**Try it:** What's wanted here is the full listing below, repeated exactly, with no images in it.

**Supplied information:**
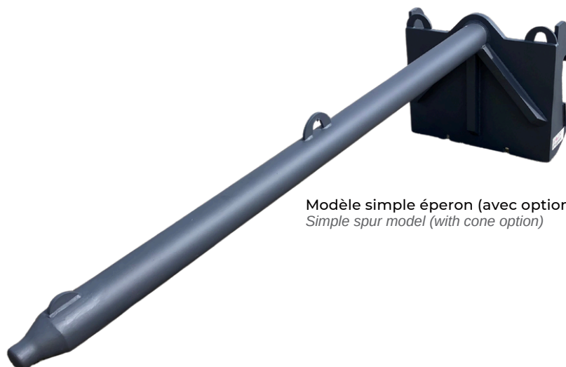
Modèle simple éperon (avec option cône) Simple spur model (with cone option)

Nouvel embout permet de faciliter l'entrée dans les anses de Big Bag
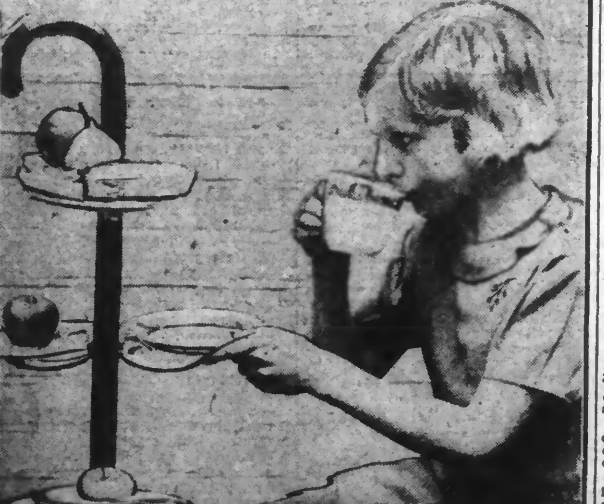
A l'Exposition Impériale de Kensington (Angleterre), Lord Conway inaugure la première exposition réservée exclusivement au camping.

**Reply:**
Modèle simple éperon (avec option cône) Simple spur model (with cone option)

Nouvel embout permet de faciliter l'entrée dans les anses de Big Bag
A l'Exposition Impériale de Kensington (Angleterre), Lord Conway inaugure la première exposition réservée exclusivement au camping.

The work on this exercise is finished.